Work order :: Your answer must be the lines of the material below, exactly as written, from its first line through the line with "9ct Rose & White", and no pictures.

━━━ Input for this task

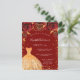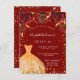 Eine moderne, stilvolle und glamouröse Einladung zu einer Sweet 16. Geburtstagsfeier. Ein roter Hintergrund mit Imitaten goldener Glitzer Staub, ein Kleid und rote Rosen, Blumensträuße. Der Name ist mit einem modernen handgeschriebenen Stilskript geschrieben. Personalisieren Sie Ihre Party-Daten und fügen Sie sie hinzu. Tipp: Wenn Sie es nicht so gewollt haben, dass es wie eine Postkarte aussieht, klicken Sie auf Anpassen, gehen Sie auf die Rückseite und entfernen Sie den Trenner und posten Sie die Briefmarke.
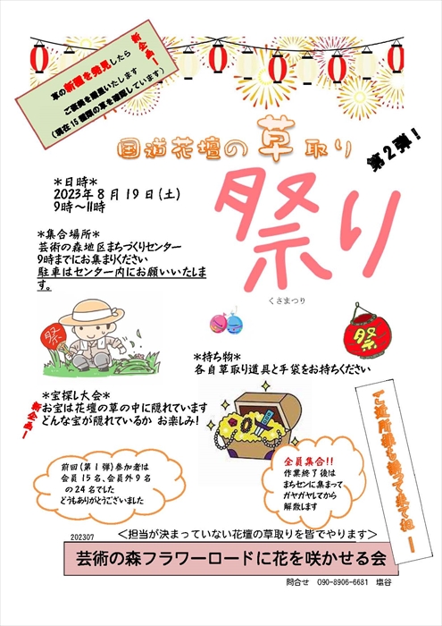 草祭りは下のようなチラシが地域内に掲示され、フラワーロードの会員だけではなく地域の方にも参加を呼びかけて行われています。
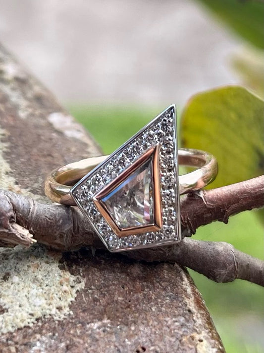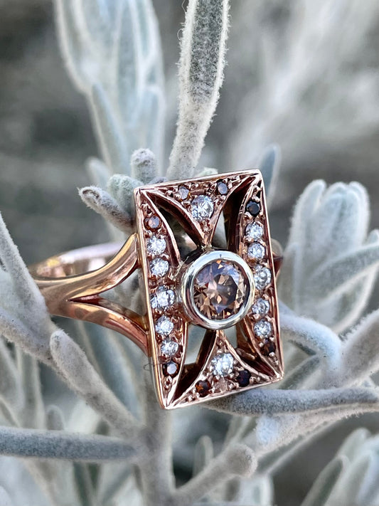 9ct Rose & White Gold ACD, Champagne & White Diamond ‘Art Deco’ Ring
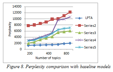 The evaluation of our system (STPS) is based on measurable baseline of metric of perplexity. A brief about the baseline are as follows: Location Aware Topic Model (LATM) (Wang et al., 2007), Latent Periodic Topic Analysis (LPTA) (Williams et al., 2013), Latent Dirichlet Allocation (LDA) (Blei et al., 2013), Spatiotemporal Theme Pattern model (STTP) (Mei et al., 2006) and Topics-Over-Time model (TOT) (Wang and McCallum. 2006). These metrics measured the generalisation performance of a model, the ability of a model to generalise to unseen data.These metric measures the generalisation performance of a model, that is, the ability of a model to generalise to unseen data. The results from the baselinesare adopted from Jiang and Hung (2013), and a corresponding setup of dataset is used in our research,the lower the perplexity measure, the better the generalisation performance. We set up an eight validation pre-set data to compare the models. Figure 6 shows the average perplexity of each model when the topic amount is set to different values. From the graph it is observed that when the topics is 500, the perplexity of STPS is 1502, while TOT, STTP, LATM and LPTA are 9885, 4180, 5398 ,5264 respectively.
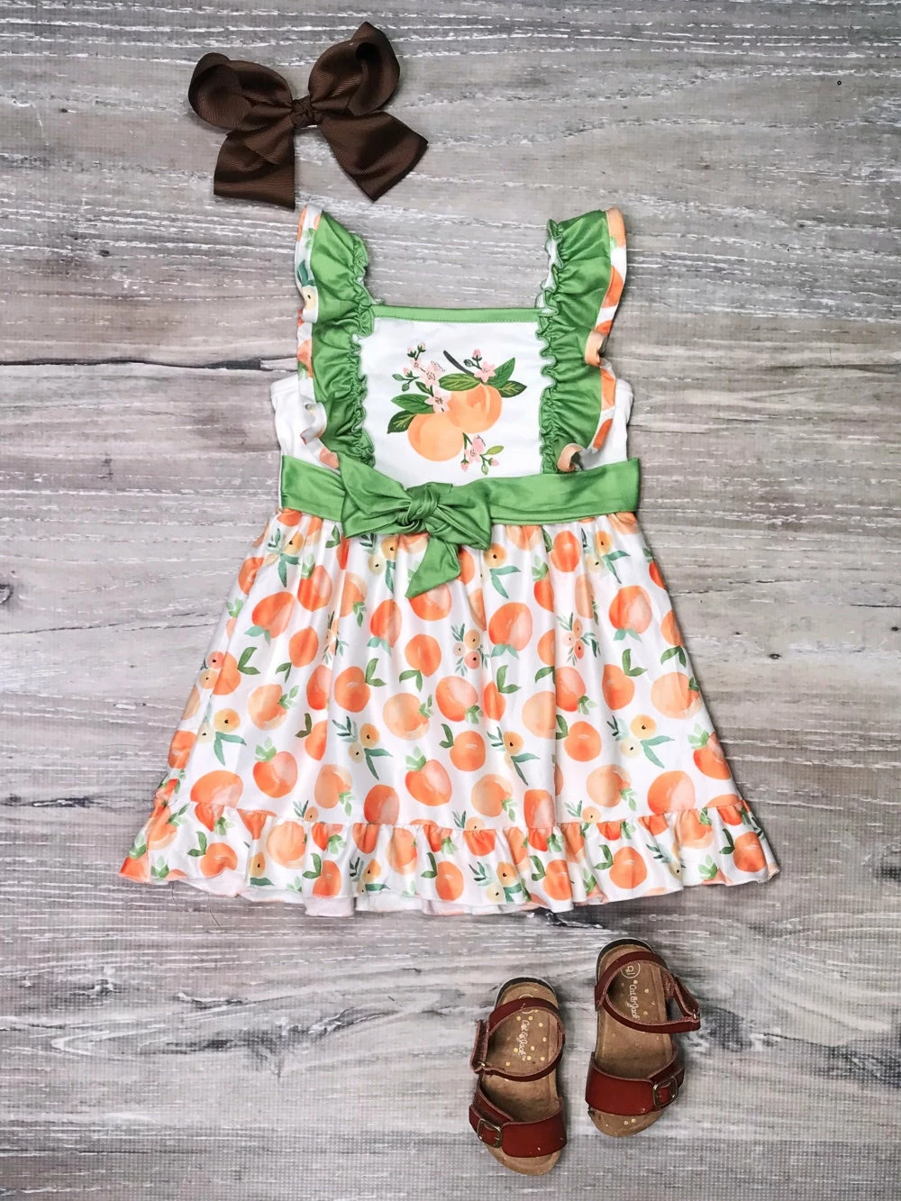Keep it peachy and perfect with our fashionable Peach Of My Heart Watercolor Green Ruffle Girls Tank Dress! The sleeveless dress features a watercolor peach pattern, green trim, ruffle detailing, and a coordinating green tie belt. We are loving this darling dress with some sneakers or sandals and a coordinating orange or green hair bow. The dress is perfect for vacations, picnics, running errands, family photoshoots, and so much more. Pick up this must have dress for your little cutie and be sure to take a look at our other best selling dresses and outfits.Â
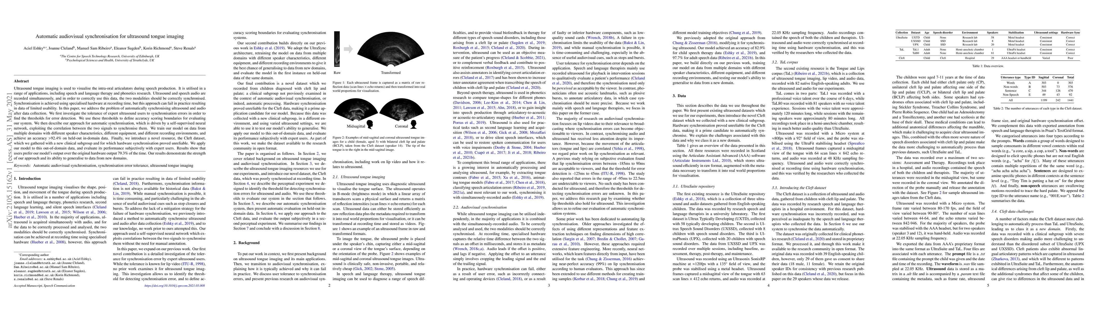 Ultrasound tongue imaging is used to visualise the intra-oral articulators during speech production. It is utilised in a range of applications, including speech and language therapy and phonetics research. Ultrasound and speech audio are recorded simultaneously, and in order to correctly use this data, the two modalities should be correctly synchronised. Synchronisation is achieved using specialised hardware at recording time, but this approach can fail in practice resulting in data of limited usability. In this paper, we address the problem of automatically synchronising ultrasound and audio after data collection. We first investigate the tolerance of expert ultrasound users to synchronisation errors in order to find the thresholds for error detection. We use these thresholds to define accuracy scoring boundaries for evaluating our system. We then describe our approach for automatic synchronisation, which is driven by a self-supervised neural network, exploiting the correlation between the two signals to synchronise them. We train our model on data from multiple domains with different speaker characteristics, different equipment, and different recording environments, and achieve an accuracy >92.4% on held-out in-domain data. Finally, we introduce a novel resource, the Cleft dataset, which we gathered with a new clinical subgroup and for which hardware synchronisation proved unreliable. We apply our model to this out-of-domain data, and evaluate its performance subjectively with expert users. Results show that users prefer our model's output over the original hardware output 79.3% of the time. Our results demonstrate the strength of our approach and its ability to generalise to data from new domains.

━━━━━━

Solution to this task ::
 Eine moderne, stilvolle und glamouröse Einladung zu einer Sweet 16. Geburtstagsfeier. Ein roter Hintergrund mit Imitaten goldener Glitzer Staub, ein Kleid und rote Rosen, Blumensträuße. Der Name ist mit einem modernen handgeschriebenen Stilskript geschrieben. Personalisieren Sie Ihre Party-Daten und fügen Sie sie hinzu. Tipp: Wenn Sie es nicht so gewollt haben, dass es wie eine Postkarte aussieht, klicken Sie auf Anpassen, gehen Sie auf die Rückseite und entfernen Sie den Trenner und posten Sie die Briefmarke.
 草祭りは下のようなチラシが地域内に掲示され、フラワーロードの会員だけではなく地域の方にも参加を呼びかけて行われています。
 9ct Rose & White Gold ACD, Champagne & White Diamond ‘Art Deco’ Ring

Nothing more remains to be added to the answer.